What you need to do » What is needed is an exact copy of the listing, with no pictures in it.

Data shown »

————

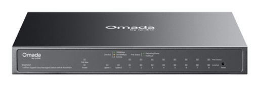 TP-Link Omada ES210GP V1 - Switch - gestito - 8 x 10/100/1000 (PoE+) + 1 x 10/100/1000 + 1 x combinazione Gigabit SFP/RJ-45 (uplink) - desktop, montaggio a parete - PoE+ (123 W)
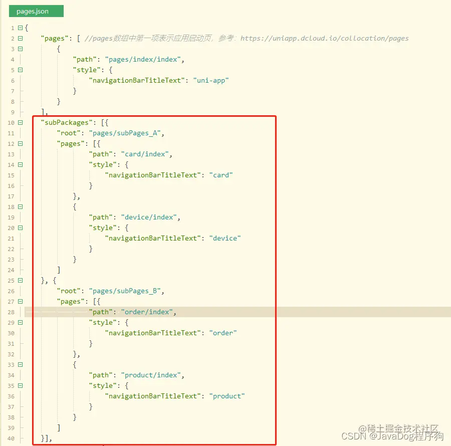根据上一步拆分的包路径,进行配置文件的调整,此处注意"subPackages" 要和 "pages" 同级
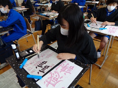 2時間目、2週間ぶりの習字を実施しました。
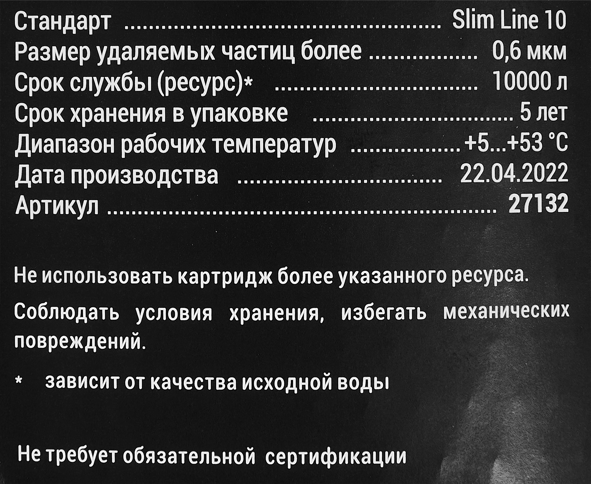 Картридж из вспененного полипропилена АКВАТЕК ЭКО 10" SL для хол воды 50 мкм

————

Exercise result »
 TP-Link Omada ES210GP V1 - Switch - gestito - 8 x 10/100/1000 (PoE+) + 1 x 10/100/1000 + 1 x combinazione Gigabit SFP/RJ-45 (uplink) - desktop, montaggio a parete - PoE+ (123 W)
根据上一步拆分的包路径,进行配置文件的调整,此处注意"subPackages" 要和 "pages" 同级
 2時間目、2週間ぶりの習字を実施しました。
 Картридж из вспененного полипропилена АКВАТЕК ЭКО 10" SL для хол воды 50 мкм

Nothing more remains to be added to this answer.